Task prompt - For every entry, reproduce the wording exactly and omit any image it holds.

(Stored dataset items)

○ ○ ○ ○ ○ ○ ○

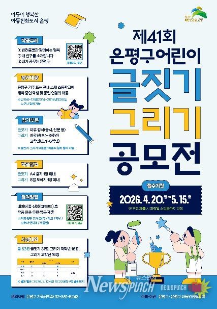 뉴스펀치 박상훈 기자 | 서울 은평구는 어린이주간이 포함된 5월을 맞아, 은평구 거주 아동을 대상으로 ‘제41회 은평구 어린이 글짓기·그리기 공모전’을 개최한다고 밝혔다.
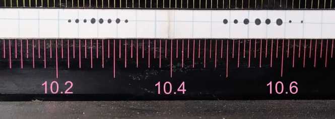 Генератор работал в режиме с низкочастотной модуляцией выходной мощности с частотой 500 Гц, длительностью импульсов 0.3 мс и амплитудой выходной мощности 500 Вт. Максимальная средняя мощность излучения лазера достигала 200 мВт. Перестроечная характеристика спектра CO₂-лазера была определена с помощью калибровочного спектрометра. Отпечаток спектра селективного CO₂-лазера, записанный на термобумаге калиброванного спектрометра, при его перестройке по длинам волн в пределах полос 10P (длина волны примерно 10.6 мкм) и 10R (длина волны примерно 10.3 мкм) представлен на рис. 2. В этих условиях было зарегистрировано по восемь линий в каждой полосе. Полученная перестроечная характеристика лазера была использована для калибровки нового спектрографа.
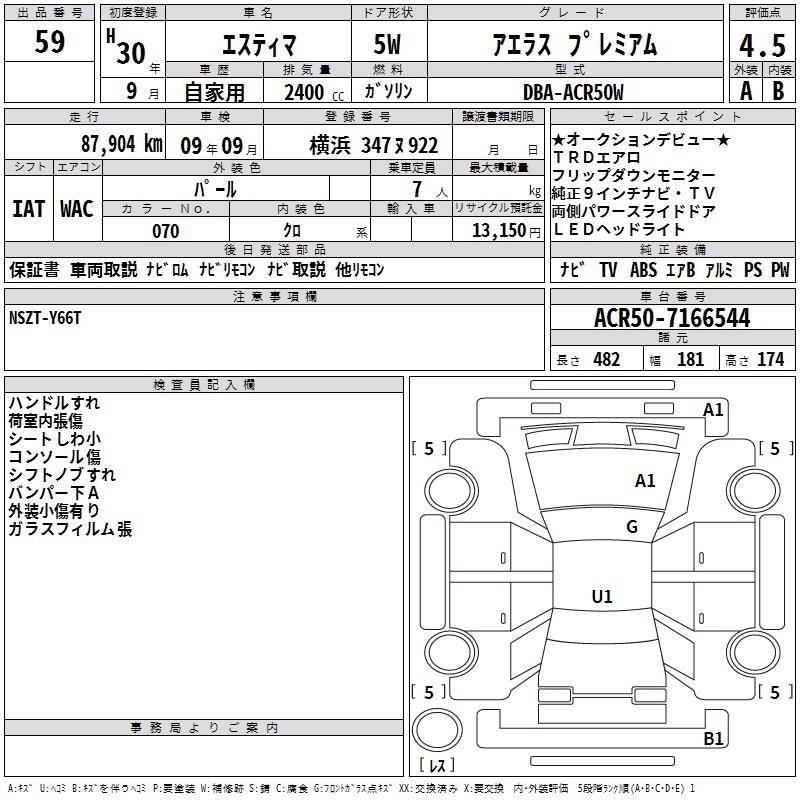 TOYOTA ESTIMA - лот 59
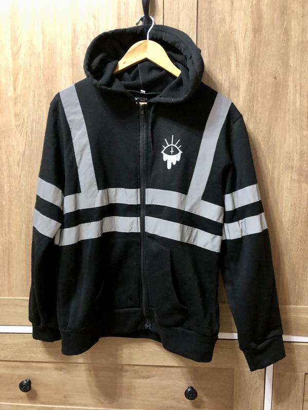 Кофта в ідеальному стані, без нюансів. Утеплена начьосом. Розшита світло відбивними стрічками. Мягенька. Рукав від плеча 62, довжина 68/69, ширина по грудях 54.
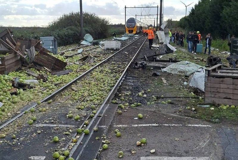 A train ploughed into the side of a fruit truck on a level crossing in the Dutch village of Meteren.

○ ○ ○ ○ ○ ○ ○

Output below -
 뉴스펀치 박상훈 기자 | 서울 은평구는 어린이주간이 포함된 5월을 맞아, 은평구 거주 아동을 대상으로 ‘제41회 은평구 어린이 글짓기·그리기 공모전’을 개최한다고 밝혔다.
 Генератор работал в режиме с низкочастотной модуляцией выходной мощности с частотой 500 Гц, длительностью импульсов 0.3 мс и амплитудой выходной мощности 500 Вт. Максимальная средняя мощность излучения лазера достигала 200 мВт. Перестроечная характеристика спектра CO₂-лазера была определена с помощью калибровочного спектрометра. Отпечаток спектра селективного CO₂-лазера, записанный на термобумаге калиброванного спектрометра, при его перестройке по длинам волн в пределах полос 10P (длина волны примерно 10.6 мкм) и 10R (длина волны примерно 10.3 мкм) представлен на рис. 2. В этих условиях было зарегистрировано по восемь линий в каждой полосе. Полученная перестроечная характеристика лазера была использована для калибровки нового спектрографа.
 TOYOTA ESTIMA - лот 59
 Кофта в ідеальному стані, без нюансів. Утеплена начьосом. Розшита світло відбивними стрічками. Мягенька. Рукав від плеча 62, довжина 68/69, ширина по грудях 54.
 A train ploughed into the side of a fruit truck on a level crossing in the Dutch village of Meteren.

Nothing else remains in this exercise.